How Conservative Judaism Lost Everyone Else

Michah Gottlieb, a professor at NYU, has an article on the Forward’s website titled, “How Conservative Judaism Lost Me.” In it, he discusses how his commitment to what he thought were the Conservative movement’s principles–devotion to halakhah with a more modern and secular-scholarly approach to issues–led him to leave the Conservative fold.

He argues that it was exactly people like him that the Conservative movement should have been courting as new leaders, but it failed to do so, and thus lost people to modern Orthodoxy.

I suppose there is something to this in the sense of leadership and purpose. But I’m not persuaded that this problem is really what caused the diminution of the Conservative movement from its prior place as the largest of the modern American movements.

I understand Gottlieb’s frustration (and it’s nice to see a fellow IU Bloomington alum do good), but JTS (the flagship seminary for the Conservative movement) had long been described as a group of Orthodox faculty teaching Conservative rabbis who would be spiritual leaders for Reform congregants.

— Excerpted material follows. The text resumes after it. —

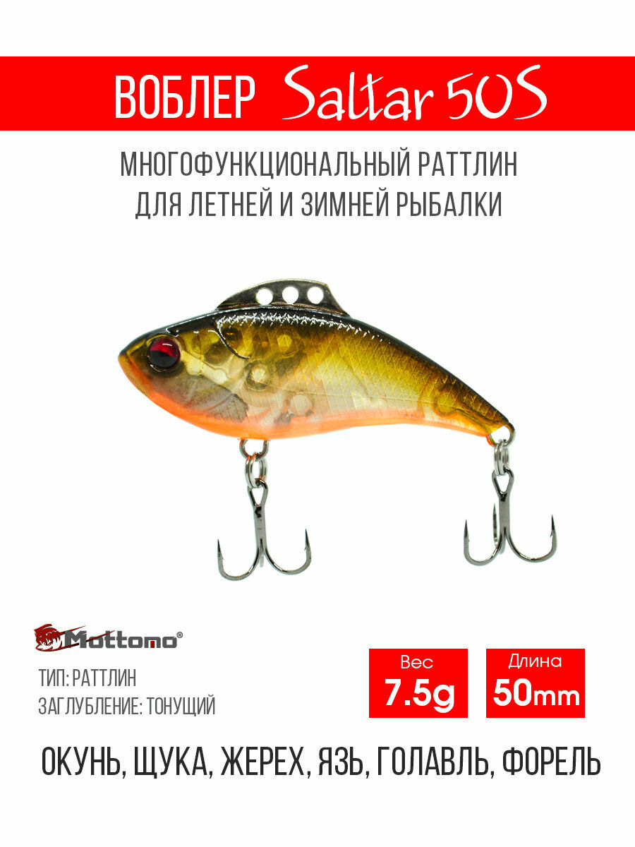 Воблер для рыбалки Mottomo Saltar 50S 7.5g , раттлин тонущий для спиннинга. Приманка на щуку, форель, судака, окуня

People like Gottlieb–and, at one point, me–haven’t really been the Conservative movement’s major problem over the last twenty years.

I understand how this could seem to be the case to Gottlieb. He mentions coming of age at a time when the ordination of women was the big controversy roiling the Conservative movement, and it’s easy to see a kind of “post hoc ergo propter hoc” thing happening: Conservative Judaism compromised halakhically on this issue, lost members and scholars to either the Union for Traditional Judaism (which was initially kind of Conservative Judaism without womens’ ordination) or the OU, and decline followed.

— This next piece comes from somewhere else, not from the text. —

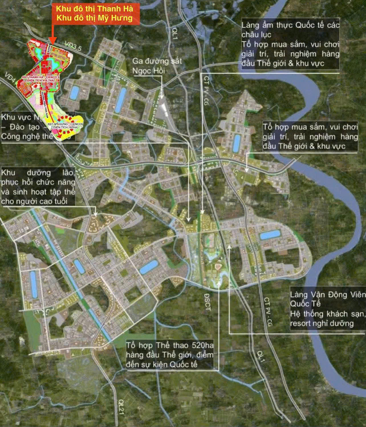 Đặc biệt, trong quy hoạch vùng thủ đô Hà Nội, khu vực phía Tây – Tây Nam (bao gồm Thanh Hà, Mỹ Hưng, Ngọc Hồi) sẽ trở thành trung tâm thể thao, văn hóa và dịch vụ quốc tế. Chính vì vậy, Thanh Hà được xem là khu đô thị đón đầu quy hoạch tầm nhìn 2030 – 2050, sở hữu vị trí “vàng” nhưng giá vẫn ở mức rất thấp so với mặt bằng chung.

I don’t think the numbers necessarily bear that out, however. When you look at the Pew survey results, you would have expected Modern Orthodox Judaism to have grown proportionally, and it hasn’t.

I think, instead, what likely happened is that some people fell away from Reform affiliation and refugees from an adrift Conservative movement backfilled the ranks. Other Conservative Jews likely left affiliation altogether, and some–but a more limited number–likely took Gottlieb’s path. (His contention that his path is the more common one is not based on broad evidence, but rather is anecdotal and particular to what is possible in areas like New York. There’s nothing like what Gottlieb has here in Indianapolis, where the Orthodox synagogues have pushed farther to the right and alienated the folks who had come over from the Conservative movement in the past.)

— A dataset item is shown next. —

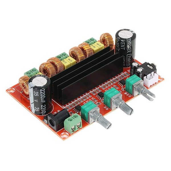 With good sound quality, high efficiency, strong power amplifier.50 W * 2 + 100 W with 2.1 channels (left channel/right and heavy bass track), high efficiency, and low heat. Adopt DC 12-24 V driver, wide voltage input. Users can easily adjust the volume. Just connect the power and speakers that you can enjoy pure digital music.

I think Gottlieb’s article is important because, while I disagree with his conclusions about how the Conservative movement should have gone about retaining its place, I do agree with his observation about the movement itself–that it is ideologically adrift. Unfortunately, so is much of American Judaism.

That said, I don’t think that the Conservative movement’s new emphasis–expressed by one rabbi as Kadsheinu B’mitzvotekha (sanctify us with your commandments)–is going to appeal to anyone outside its present ranks and perhaps some on the conservative edges of Reform and the liberal edges of the Orthodox world. What It may do, however, is staunch the flow and preserve some kind of “middle,” which Gottlieb argues is important for the continued vitality of American Jewish life.

And even the new approach advanced by the United Synagogue is a bit schizoid. Kadsheinu b’mitzvotekha–but also be more welcoming to the non-Jewish family of Jewish members.

I suspect the bigger problem for the Conservative movement is that the membership of the Reform movement is starting to look more like most Conservative Jews, while retaining enough of a liberal edge to keep some–but not all–of its present membership profile. Meanwhile, Conservative rabbis talk enough like Orthodox rabbis to alienate liberal members while more conservative members will dislike the influx of LGB(T?) clergy and more favorable treatment of non-Jewish spouses.

All of this bodes ill for the continued vitality of JTS and the American Jewish University, which grew in response to the movement’s growth but will now inevitably shrink. This is particularly sad, I think, for JTS, which has in the past produced some very important scholarship and very important scholars. (Not that–as Gottlieb observes–this justifies its continued approach. And I find that realization especially disappointing because I’ve personally benefited from studying with some of its alumni.)

And all of this is wrapped up in the general lack of mission and direction. For example, the JTA article on the United Synagogue 100th anniversary convention shows that there is still navel-gazing on whether independent and alternative minyanim are harmful to synagogues–focused on the institution, not the needs of Jews themselves.

The question all movements should be asking–at the movement level, and within individual congregations–is, “What are we about?” After that, we can figure out where we are and where we should go. Unfortunately, the Conservative movement’s eternal compromise position likely puts it in the worst place of the large modern movements; it’s got a big hole to dig out of.